Agencia Informativa Alor Noticias.
01 de Agosto del 2022.- Algunos de los migrantes que murieron en el tráiler abandonado en San Antonio, Texas, pagaron por un viaje equivalente a un boleto de primera clase a Estados Unidos, que les incluía cervezas de cortesía, casas de seguridad con videojuegos, incluso una semana en un rancho de cacería.
Pablo Ortega y Julio López disfrutaron de ese beneficio. Ambos habían pedido prestado miles de dólares y realizado pagos extra para asegurar lo que los traficantes prometieron sería un viaje cómodo evitando los peores peligros de los cruces fronterizos ilegales.
Fue hasta el 27 de junio cuando terminó su trato especial. Hacinados y sin aliento en la parte trasera de un tráiler en Texas con más de 60 migrantes.

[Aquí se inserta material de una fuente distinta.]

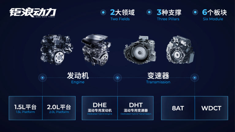 “钜浪动力”有什么产品成果呢?目前已经构建了“两大领域、三大支撑、六个板块”——即发动机、变速器两大领域;高效发动机、高效变速器、混动产品三大支撑;1.5L燃油发动机、2.0L燃油发动机、DHE混动发动机、WDCT变速器、AT变速器、DHT混动变速器六个板块完整的产品架构,具备了“动力强劲、经济耐用、环保清洁、静谧安逸、自适智控”五大核心领先优势。
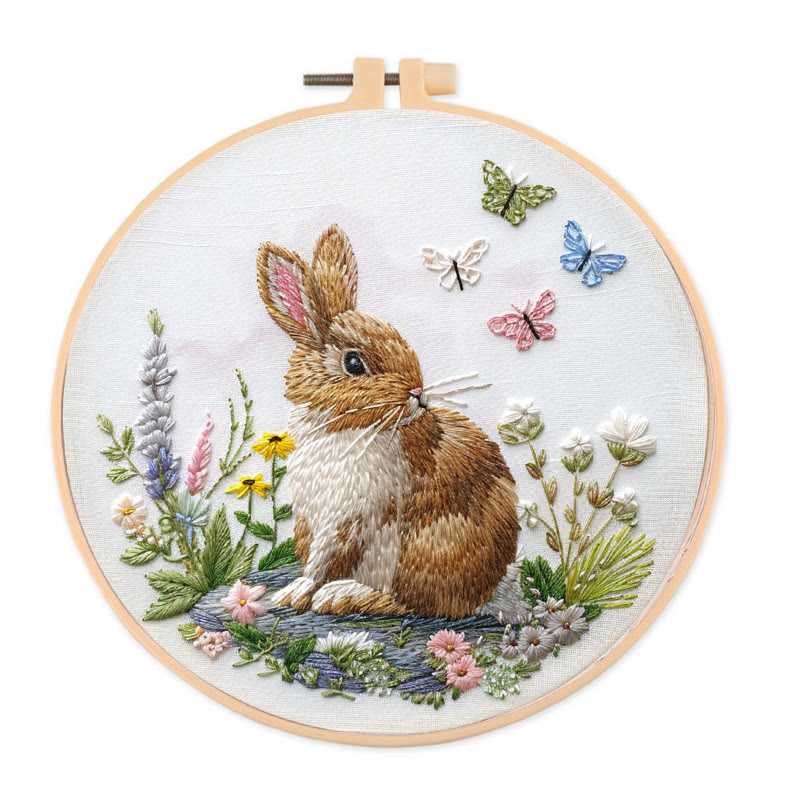 Rubbyoo Embroidery Kit - Bunny's Garden | Holiday Needlework Gift Hand Stitch

Casi todos los migrantes, incluidos Pablo Ortega y Julio López, murieron bajo el calor sofocante, en la tragedia del contrabando de personas más letal registrada en Estados Unidos en los últimos tiempos.
Señalan que, a medida que los controles más estrictos conducen a los migrantes a mayores riesgos, expertos dicen que los traficantes ofrecen rutas cada vez más caras que anuncian como “seguras”, “especiales” o “VIP”.
Indican que esas opciones generalmente prometen transporte en vehículos en lugar de caminar por el desierto, así como estadías más cómodas.
Pablo Ortega acordó pagar 13 mil dólares y López 12 mil, informaron sus familiares. Esto está muy por encima del promedio de dos mil a siete mil dólares para los migrantes mexicanos, según los datos del gobierno mexicano de 2019.
Familiares de los fallecidos relataron que, al embarcarse por separado en sus búsquedas de una vida mejor, se les dijo que viajarían solos o en pequeños grupos.
Al menos otra víctima, Jazmín Bueso, una hondureña de 37 años, también pagó el viaje más costoso, indicó su hermano a la agencia Reuters.
Pablo Ortega era un joven de 19 años. Se fue en autobús a mediados de mayo de su casa en Tlapacoyan, un pueblo en el sureste del estado de Veracruz.
Mientras que Julio López partió el 8 de junio de Benito Juárez, originario de Chiapas. Tenía 32 años y era trabajador en un aserradero. Esperaba enviar dinero a casa para los cuidados del autismo del menor de sus tres hijos.